Vincent has progressively lost some body movement due to the growth of new bone formation throughout the course of his life: parts of his back around his shoulders and neck have ossified and his right hip is partially locked. However, his restrictions have been relatively stable since the age of 13 and no major flare-ups have occurred since.
An FOP flare-up is when the body begins to generate new bone and leads to tissue swelling, pain and discomfort. It is usually initiated by trauma (falling, major bumps, etc.) but can randomly happen at any time on any part of the body, particularly the neck, spine, shoulders, chest, ankles, elbows, wrists, hips, knees and jaw, but will never affect the hands or feet.
At age 22, Vincent knows his body and his condition so well that he begins taking his medications, Prednisone and Thalidomide, before he even has the usual flare-up symptoms: pain, redness, swelling and warm sensations in the area that is trying to turn itself into bone.
“I don’t really know how to explain it,” Vincent said. “I guess I’ve just gotten so used to what it feels like, as soon as I feel it coming I know I need to take my medication.”
The medication helps to eliminate the flare-ups or make them completely go away, but cannot prevent bone growth from occurring and also has side effects. Prednisone increases appetite, and can cause depression and swelling, while Thalidomide causes drowsiness, and if not taken with caution Vincent risks losing nerve sensations in his hands and feet.
Although Vincent’s condition has partially hampered his range of motion, he is able to go through his day as normally as anyone else. He has devices that help him put shoes and socks on, and claw-like reachers that aid him when he needs to pick something up from the floor or grab something over his head. Some things may take him longer to do, like getting dressed in the morning, but he gets them done without complaint, and goes through the rest of the day normally.
FOP effects one out of every two million people in the world today and Vincent knows that when he is done with school he wants to aid in the research for finding a cure. An FOP patient’s lifespan on average is 45 years; however, Vincent is optimistic that he will live to a ripe old age and is hopeful that he will find a cure for his disease within his lifetime.
Today, Vincent is in his first year as a medical student. He graduated from Santa Clara University in June of 2008 as a biology major and moved to Irvine shortly after to attend UCI medical school. His days are a constant cycle of class and study time while paying close attention to any signs that he is experiencing a flare-up.
Vincent is also part of MEDleys a group of UCI medical students who get together on Tuesday nights for singing rehearsal on campus. They practice the melodies that they will sing to children in hospitals and senior citizens in nursing homes.
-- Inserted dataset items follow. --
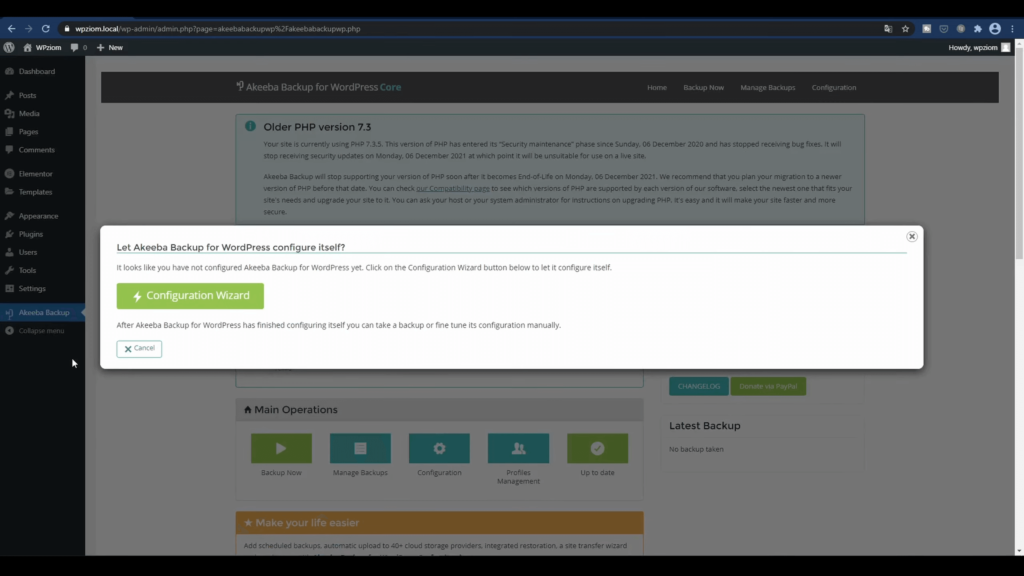 Konfiguracja wtyczki Akeeba Backup
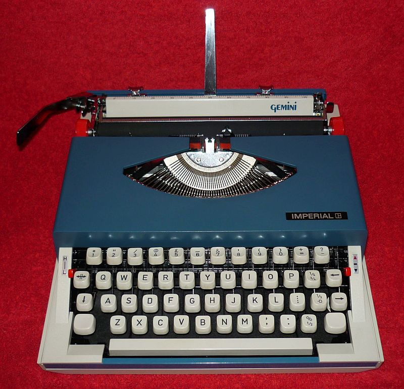 Litton did what they could to present an attractive and marketable range of portable typewriters, and one thing that was tried for about eighteen months was a typewriter with a Long Wave/Medium Wave radio in the carry case lid - hence the name 'Gemini' - two appliances in one! Novelties like this were primarily designed to appeal to the American market, but because the range was common with the UK, a few 'Geminis' were sold here as 'Imperial' models. I do not have the production figures, but I would imagine the numbers sold circa 1971 could only have been in the low hundreds. Thus, the machine that you see in the photo is incredibly rare. In fact, in over forty years of being in the typewriter trade, this is the only one that has ever passed through my hands!
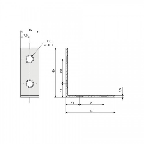 Уголок 40х40х15 (1,5мм) с 4-мя отверстиями, отделка цинк

When Vincent sings, he stands still, so one could never notice that he walks with a limp. He also holds the music in front of him so that no one could ever tell that his upper back is almost completely ossified and prevents him from raising his arms over his head. There is no need for him to bend over while singing, so no one could ever tell that this simple movement is a very slow process, requiring him to take his time, balance and gently guide his knee to the floor to pick up whatever has fallen.
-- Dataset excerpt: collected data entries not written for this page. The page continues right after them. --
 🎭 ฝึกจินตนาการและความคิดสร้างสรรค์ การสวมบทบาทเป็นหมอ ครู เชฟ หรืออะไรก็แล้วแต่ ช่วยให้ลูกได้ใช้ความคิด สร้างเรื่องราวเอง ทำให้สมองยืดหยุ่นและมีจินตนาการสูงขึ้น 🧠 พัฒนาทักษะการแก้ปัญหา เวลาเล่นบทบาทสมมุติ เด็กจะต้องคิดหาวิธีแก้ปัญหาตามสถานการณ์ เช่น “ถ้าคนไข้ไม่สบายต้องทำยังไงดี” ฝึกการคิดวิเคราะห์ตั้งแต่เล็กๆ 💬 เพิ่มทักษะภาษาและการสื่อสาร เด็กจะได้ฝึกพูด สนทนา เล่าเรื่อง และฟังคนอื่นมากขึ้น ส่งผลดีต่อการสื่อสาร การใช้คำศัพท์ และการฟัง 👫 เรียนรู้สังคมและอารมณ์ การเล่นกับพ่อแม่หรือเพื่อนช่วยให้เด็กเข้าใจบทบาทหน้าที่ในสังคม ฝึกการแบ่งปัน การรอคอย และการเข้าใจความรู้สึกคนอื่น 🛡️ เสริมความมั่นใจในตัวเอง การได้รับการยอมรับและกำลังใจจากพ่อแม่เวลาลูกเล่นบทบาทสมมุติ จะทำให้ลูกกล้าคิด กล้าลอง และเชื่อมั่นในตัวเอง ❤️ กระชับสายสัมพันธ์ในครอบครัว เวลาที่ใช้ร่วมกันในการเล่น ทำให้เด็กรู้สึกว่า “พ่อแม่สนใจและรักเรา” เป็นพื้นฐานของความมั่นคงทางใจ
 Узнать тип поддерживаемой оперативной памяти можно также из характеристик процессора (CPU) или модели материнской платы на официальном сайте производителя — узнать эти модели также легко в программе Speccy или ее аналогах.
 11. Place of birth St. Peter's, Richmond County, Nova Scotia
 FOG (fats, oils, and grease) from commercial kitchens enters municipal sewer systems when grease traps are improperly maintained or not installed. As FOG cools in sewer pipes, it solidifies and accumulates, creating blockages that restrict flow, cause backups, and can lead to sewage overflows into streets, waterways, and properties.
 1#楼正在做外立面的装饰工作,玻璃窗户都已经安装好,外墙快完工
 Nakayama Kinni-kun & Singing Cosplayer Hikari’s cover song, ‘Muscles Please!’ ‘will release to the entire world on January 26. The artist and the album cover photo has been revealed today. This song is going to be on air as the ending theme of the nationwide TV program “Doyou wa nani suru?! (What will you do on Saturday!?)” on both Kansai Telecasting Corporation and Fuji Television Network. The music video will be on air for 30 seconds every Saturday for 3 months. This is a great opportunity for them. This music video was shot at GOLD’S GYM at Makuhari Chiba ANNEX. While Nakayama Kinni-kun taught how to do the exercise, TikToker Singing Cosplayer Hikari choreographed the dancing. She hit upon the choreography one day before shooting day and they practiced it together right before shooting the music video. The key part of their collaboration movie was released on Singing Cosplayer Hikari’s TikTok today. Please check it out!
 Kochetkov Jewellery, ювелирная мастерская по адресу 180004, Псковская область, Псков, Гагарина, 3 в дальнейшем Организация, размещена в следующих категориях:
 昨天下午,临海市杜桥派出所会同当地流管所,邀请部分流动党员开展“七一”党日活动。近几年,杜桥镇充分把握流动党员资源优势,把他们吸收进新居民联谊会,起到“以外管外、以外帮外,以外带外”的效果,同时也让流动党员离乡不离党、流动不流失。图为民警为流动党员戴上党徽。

When you scan the room filled with singing medical students, your eye does not rest on Vincent, inspecting his awkward movements; instead it passes right by him without hesitation. Here, he is no different than the other medical students who share a love for music.

Update: The Internation Fibrodysplasia Ossificans Progressiva Association’s Web site, located at, lists the confirmed cases at 700 across the world with 268 in the United States as of December 2009.